• _Work task_:
Write back every entry exactly as it reads, with the pictures left behind.
────
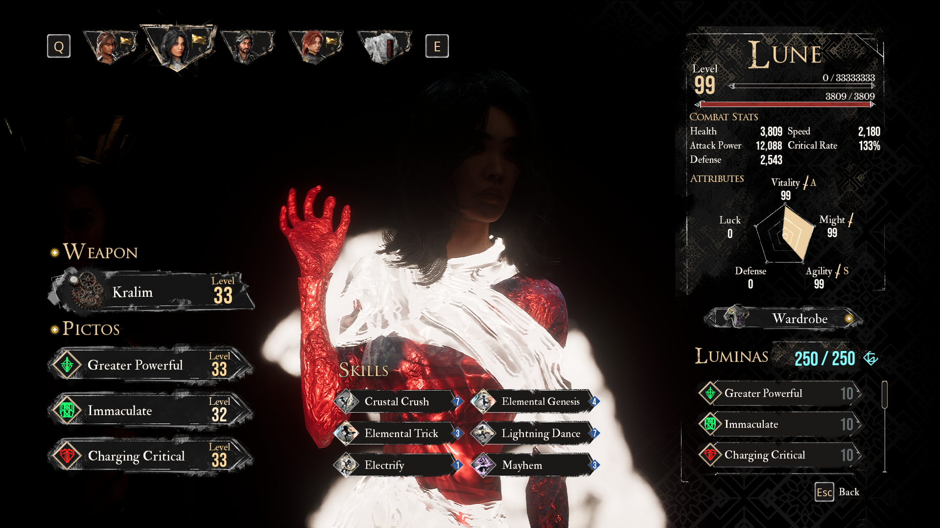 Combat sequences can last a few seconds to over an hour, and how long it takes basically all depends on the player’s skill and preparation outside of combat. Through combat and world exploration, players level up to gain more stats, find weapons, discover pictos, and unlock lumina (a picto that is mastered through combat). Putting together good combinations of pictos and lumina, plus equipping an ideal weapon and correctly allocating stats before combat, can make even the most difficult fights easy. Regarding difficulty, E33’s combat can get extremely difficult especially after the free DLC that was dropped on the night of The Game Awards.
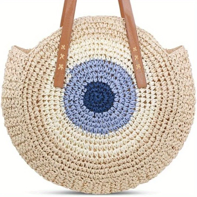 deanwangkt Handmade Straw Woven Beach Bag, Large Capacity Shoulder Bag, Boho Style Tote Bag For Travel Vacation
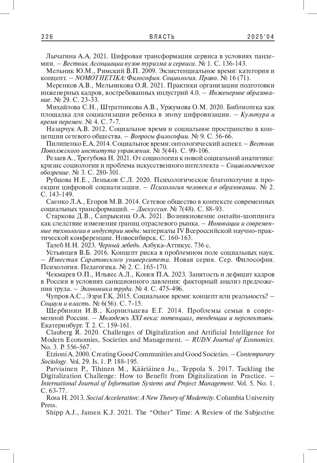 25. Назарчук А.В. 2012. Социальное время и социальное пространство в концепции сетевого общества. - Вопросы философии. № 9. С. 56-66. EDN: PFEWGH
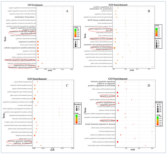 Gene ontology (GO) enrichment analysis of up-regulated genes at different time points post-FPLV infection (hpi). (A) GO analysis of up-regulated genes at 6 hpi. (B) GO analysis of up-regulated genes at 12 hpi. (C) GO analysis of up-regulated genes at 24 hpi. (D) GO analysis of up-regulated genes at 48 hpi.
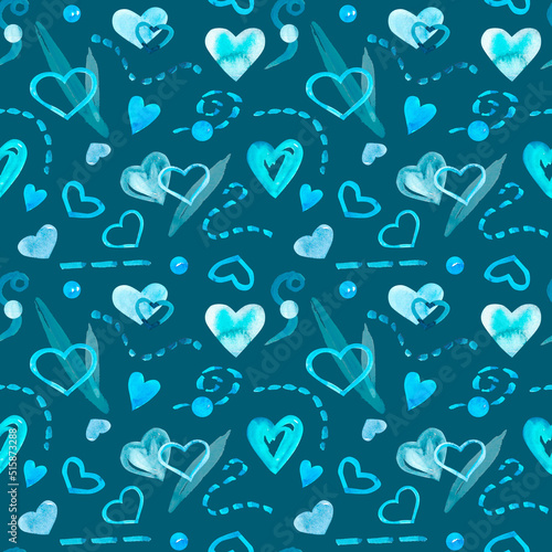 Watercolor seamless hand-drawn trendy pattern in denim colors. Abstract art with blue hearts for textile.
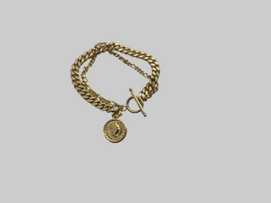 Timeless 18 carat gold plated coin bracelet made from stainless steel with quality gold plating 3 microns thick is hard wearing, tarnish free,waterproof. Versatile durable and todays up to date styling make this a jewellery piece to grab attention this season.
────
• _Written answer_:
 Combat sequences can last a few seconds to over an hour, and how long it takes basically all depends on the player’s skill and preparation outside of combat. Through combat and world exploration, players level up to gain more stats, find weapons, discover pictos, and unlock lumina (a picto that is mastered through combat). Putting together good combinations of pictos and lumina, plus equipping an ideal weapon and correctly allocating stats before combat, can make even the most difficult fights easy. Regarding difficulty, E33’s combat can get extremely difficult especially after the free DLC that was dropped on the night of The Game Awards.
 deanwangkt Handmade Straw Woven Beach Bag, Large Capacity Shoulder Bag, Boho Style Tote Bag For Travel Vacation
 25. Назарчук А.В. 2012. Социальное время и социальное пространство в концепции сетевого общества. - Вопросы философии. № 9. С. 56-66. EDN: PFEWGH
 Gene ontology (GO) enrichment analysis of up-regulated genes at different time points post-FPLV infection (hpi). (A) GO analysis of up-regulated genes at 6 hpi. (B) GO analysis of up-regulated genes at 12 hpi. (C) GO analysis of up-regulated genes at 24 hpi. (D) GO analysis of up-regulated genes at 48 hpi.
 Watercolor seamless hand-drawn trendy pattern in denim colors. Abstract art with blue hearts for textile.
 Timeless 18 carat gold plated coin bracelet made from stainless steel with quality gold plating 3 microns thick is hard wearing, tarnish free,waterproof. Versatile durable and todays up to date styling make this a jewellery piece to grab attention this season.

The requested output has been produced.